DATASET EXCERPT:
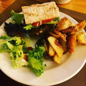 - Home-made mixed bean or chickpea burger with sweet potato wedges & seasonal salad
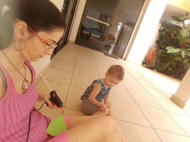A famosa língua de sogra todos conhecem, né? Aquele brinquedo popular em festa de aniversários que parece um apito, mas quando se sopra nele surge uma “língua” (tardinha das sogras, né? Nem todas são linguarudas… por quê esse nome?). Olha que divertido! Essa brincadeira é uma diversão só que usa materiais simples para fazer o peixinho com língua de sogra. A atividade de hoje foi para exercitar os pulmões com esses sopradores, ou língua de sogra. Para fazer o peixe com língua de sogra, a mamãe precisou de: EVA; língua de sogra; cola quente; e hidrocor preto para os detalhes do olho e da boca.
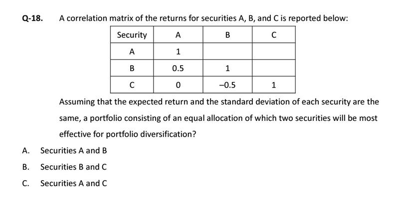 老师你好,为什么负相关对diversify最有效?不应该是没有关系才最有效么?C为什么不对?

ASSIGNMENT:
Restate exactly the lines that start at the "A famosa língua" line and end with the last line of the material above, leaving out the pictures.

TASK RESPONSE:
A famosa língua de sogra todos conhecem, né? Aquele brinquedo popular em festa de aniversários que parece um apito, mas quando se sopra nele surge uma “língua” (tardinha das sogras, né? Nem todas são linguarudas… por quê esse nome?). Olha que divertido! Essa brincadeira é uma diversão só que usa materiais simples para fazer o peixinho com língua de sogra. A atividade de hoje foi para exercitar os pulmões com esses sopradores, ou língua de sogra. Para fazer o peixe com língua de sogra, a mamãe precisou de: EVA; língua de sogra; cola quente; e hidrocor preto para os detalhes do olho e da boca.
 老师你好,为什么负相关对diversify最有效?不应该是没有关系才最有效么?C为什么不对?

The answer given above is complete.